To the stars go the spoilers.
Director Neill Blomkamp presents a rich and detailed world held back by a heavy hand. It has lots of things to say and not enough ways to say them.
The audience is presented with a dystopian future of haves and have nots where the world has become a ghetto and a space station in the stars has become the shining light of hope for all human kind… Well all of human kind able to afford it. Matt Damon stars as Max Decosta, an ex-car thief trying to get his life together. The visuals and Damon’s performance go a long way In setting up the world these characters inhabit.
The movie does a fantastic job in the first half of drawing in the audience and giving them the needed backgrounds for the characters and how they fit into the world. However, once we are in this world, the movie just abandons the audience and hopes it has given them enough information to carry them to the end.
Alice Braga plays Frey, Max’s best friend from childhood, whose own goals coincide with his in ways neither of them fully realize.
Jodie Foster portrays Elysium’s secretary of defense whose strong political convictions lead her down a dark path. William Fichther takes on the role of a business mogul in collusion with Foster’s schemes, and Sharlto Copley turns in an especially haunting if nonsensical performance as a bionic covert operations agent.

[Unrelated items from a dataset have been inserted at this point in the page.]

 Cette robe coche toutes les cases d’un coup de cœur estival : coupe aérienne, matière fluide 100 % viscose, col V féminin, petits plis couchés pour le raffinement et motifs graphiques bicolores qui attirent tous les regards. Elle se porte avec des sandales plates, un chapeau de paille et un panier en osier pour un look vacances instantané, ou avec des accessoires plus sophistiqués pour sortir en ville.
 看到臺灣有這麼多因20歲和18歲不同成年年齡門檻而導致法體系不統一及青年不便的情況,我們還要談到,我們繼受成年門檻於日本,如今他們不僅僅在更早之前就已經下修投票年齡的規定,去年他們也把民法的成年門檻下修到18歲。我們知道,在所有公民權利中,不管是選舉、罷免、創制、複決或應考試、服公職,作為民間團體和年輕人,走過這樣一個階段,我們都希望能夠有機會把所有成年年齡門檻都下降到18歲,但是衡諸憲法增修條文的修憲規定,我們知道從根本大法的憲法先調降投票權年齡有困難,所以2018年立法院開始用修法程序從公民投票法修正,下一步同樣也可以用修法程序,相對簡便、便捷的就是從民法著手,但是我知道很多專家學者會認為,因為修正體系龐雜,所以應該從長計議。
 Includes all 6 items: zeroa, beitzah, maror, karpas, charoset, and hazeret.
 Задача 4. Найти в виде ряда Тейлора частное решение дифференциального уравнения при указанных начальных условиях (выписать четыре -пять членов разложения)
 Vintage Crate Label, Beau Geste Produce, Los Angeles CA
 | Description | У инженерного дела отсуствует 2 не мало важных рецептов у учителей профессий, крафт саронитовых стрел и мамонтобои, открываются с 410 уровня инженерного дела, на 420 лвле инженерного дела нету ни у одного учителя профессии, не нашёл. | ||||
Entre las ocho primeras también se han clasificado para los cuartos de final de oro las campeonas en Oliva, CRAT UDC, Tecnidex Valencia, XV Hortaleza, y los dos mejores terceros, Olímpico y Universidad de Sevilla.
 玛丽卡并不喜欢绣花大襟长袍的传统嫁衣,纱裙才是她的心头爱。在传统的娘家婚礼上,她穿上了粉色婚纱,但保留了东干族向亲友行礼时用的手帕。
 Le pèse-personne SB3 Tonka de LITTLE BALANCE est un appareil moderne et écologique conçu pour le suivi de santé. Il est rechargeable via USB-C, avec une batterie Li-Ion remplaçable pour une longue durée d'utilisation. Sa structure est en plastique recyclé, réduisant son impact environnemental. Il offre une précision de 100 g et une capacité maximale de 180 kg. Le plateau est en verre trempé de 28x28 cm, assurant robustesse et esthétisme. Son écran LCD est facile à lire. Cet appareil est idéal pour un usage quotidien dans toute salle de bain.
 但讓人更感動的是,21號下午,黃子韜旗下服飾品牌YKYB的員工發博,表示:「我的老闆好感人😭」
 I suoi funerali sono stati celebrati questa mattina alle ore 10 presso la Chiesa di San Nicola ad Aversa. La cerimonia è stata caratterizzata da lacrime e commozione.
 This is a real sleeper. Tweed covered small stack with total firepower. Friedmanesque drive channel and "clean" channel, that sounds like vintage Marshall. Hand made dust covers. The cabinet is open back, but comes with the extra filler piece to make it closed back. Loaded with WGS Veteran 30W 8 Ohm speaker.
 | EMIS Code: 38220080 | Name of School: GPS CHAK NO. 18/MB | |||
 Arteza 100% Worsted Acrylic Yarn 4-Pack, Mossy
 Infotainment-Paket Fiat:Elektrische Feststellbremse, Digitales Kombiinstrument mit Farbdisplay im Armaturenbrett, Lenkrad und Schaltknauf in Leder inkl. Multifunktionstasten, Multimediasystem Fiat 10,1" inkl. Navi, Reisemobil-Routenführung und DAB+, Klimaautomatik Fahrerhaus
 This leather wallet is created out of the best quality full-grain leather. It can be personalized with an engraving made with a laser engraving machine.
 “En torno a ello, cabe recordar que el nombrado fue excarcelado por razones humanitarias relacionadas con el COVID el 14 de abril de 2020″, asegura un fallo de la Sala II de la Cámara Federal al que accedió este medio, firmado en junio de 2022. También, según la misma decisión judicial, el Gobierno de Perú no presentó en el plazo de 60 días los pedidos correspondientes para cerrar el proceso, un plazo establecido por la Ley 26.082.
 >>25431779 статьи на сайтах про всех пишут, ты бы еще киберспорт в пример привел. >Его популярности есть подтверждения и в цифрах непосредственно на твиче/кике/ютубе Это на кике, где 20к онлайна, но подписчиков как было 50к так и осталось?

The first hour of the film is like watching a chess match where each side puts all their pieces in perfect position. Tensions are high and strategies are set in motion for the highest of stakes. The second hour is where the audience sees the fruits of these efforts laid bare and the payoffs amount to little more than heavy handed political posturing by two dimensional characters wrapped in gluttonous action set pieces.
Once Max is exposed to a lethal dose of radiation at the plant where he works, he is given only five days to live. His mission now is to make it to Elysium where the life saving cure all machines of the rich and fabulous are kept. This is where the screenplay devolves into one half baked plot contrivance after another and the dialogue is simplified to only describing what the visuals are already conveying or merely expositing what the movie has already made clear. The villains are reduced to little more than moustash twirling level antics and all character development stops.
If I may describe a scene from the final fight sequence: Bad guy slashes good guy and says, “Oh see that I cut you and now your are bleeding”. This is the level of discourse we are reduced to.
Did the fight look really awesome? Yes. Were the characters sufficiently developed to the point where I cared who lived or died? Not so much.
To say the the second half of the movie is rushed and underwhelming would be an understatement.What we are left with is a visually stunning film whose first half writes a check the second can’t cash.